Jason Zucker fell into a booth last week at the Encore Hotel on the Las Vegas Strip.
"I never come here," Zucker said, wiped out by the 13-mile drive from Summerlin, a beautiful community nestled up to the Red Rock Canyon.
Raised in Sin City, the Wild winger is the only Nevada-produced NHLer in history. Yet Zucker does everything he can to avoid the madness of hotels, casinos, restaurants and stores stretching 4 ½ miles from the Stratosphere to Mandalay Bay.
"I golfed at a course just down the road the other day and I realized quickly on my way down why I never come here," Zucker said. "It took me 15 minutes to get off the freeway and it took me 15 minutes to drive a mile past Las Vegas Boulevard."

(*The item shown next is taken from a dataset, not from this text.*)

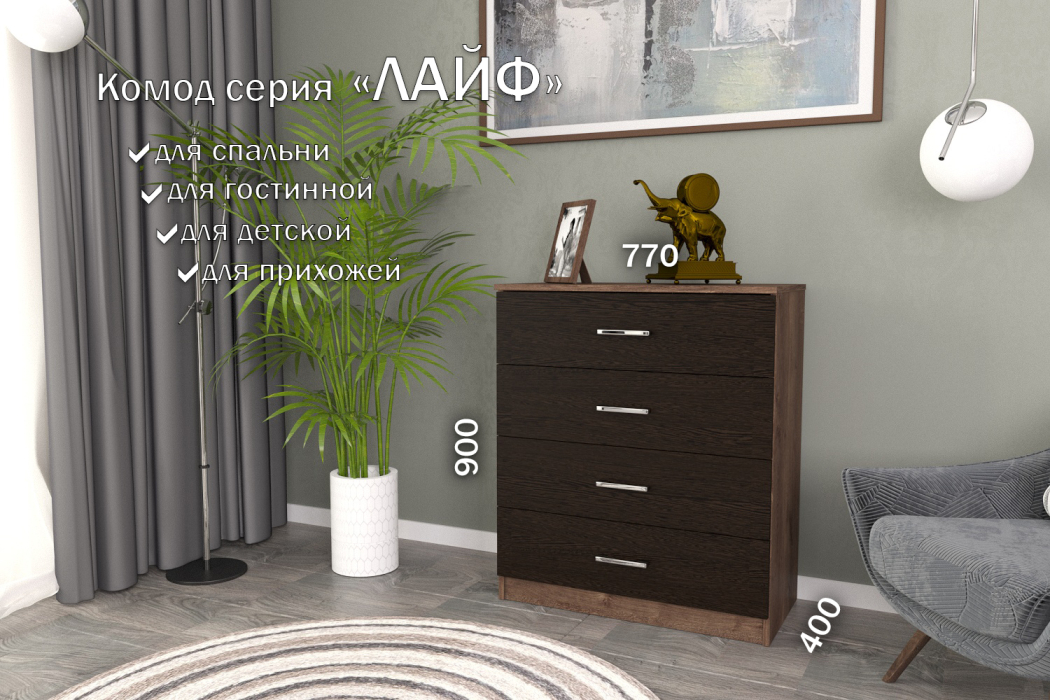 Комод Лайф с ящиками 80*40*90 Дуб экспрессив (Венге)

Zucker was born in Southern California but is Nevada-bred. There are two types of people from Vegas: those who never drop a penny in a slot machine, cozy up to a poker table or spend their nights frequenting Vegas nightclubs, and those who "take it to the other extreme," Zucker said.

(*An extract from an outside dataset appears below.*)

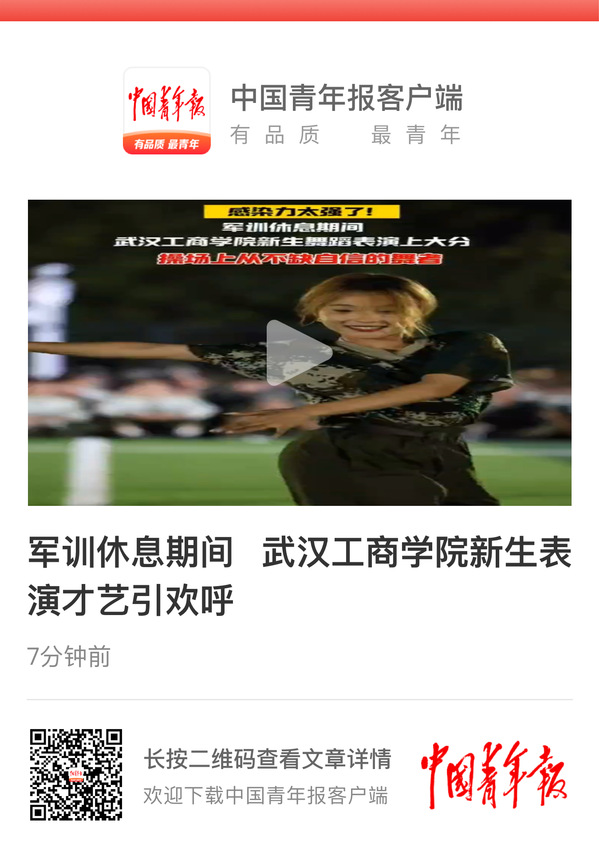 “太赞啦!自信又美丽!”9月23日晚,武汉工商学院操场上响起阵阵掌声和欢呼声,来自学校艺术与设计学院舞蹈表演专业的5名大一新生在晚间军训休息期间进行才艺展示,为大家带来了拉丁舞、韩舞和民族舞3段精彩的舞蹈表演。她们自信满满、活力四射,引全场欢呼!

"The way I figure, I'd pay my dad's salary if I go to a 'Station' and lose all my money," Zucker said, referring to his father, Scott, the longtime Director of Design & Construction of Station Casinos. "For me, I don't really find a lot of joy in it. I'm the guy that if I'm going to spend $100 on clothes, at least I walked away with something. If I lost 100 bucks gambling, I'd be angry at myself. And the winning part of gambling doesn't really faze me as much as the losing does, so I've never done it."
As much as Zucker tries to dodge the Vegas strip, he will have no choice next March 16 when the Wild is scheduled to play its first game against the expansion Golden Knights at T-Mobile Arena, which is situated between the Monte Carlo and New York-New York.
"I never thought I'd have that opportunity, ever," said Zucker, a former IHL Las Vegas Thunder stick boy and roller hockey star. "It never once crossed my mind. Even when the Vegas thing started to be talked about, I was skeptical."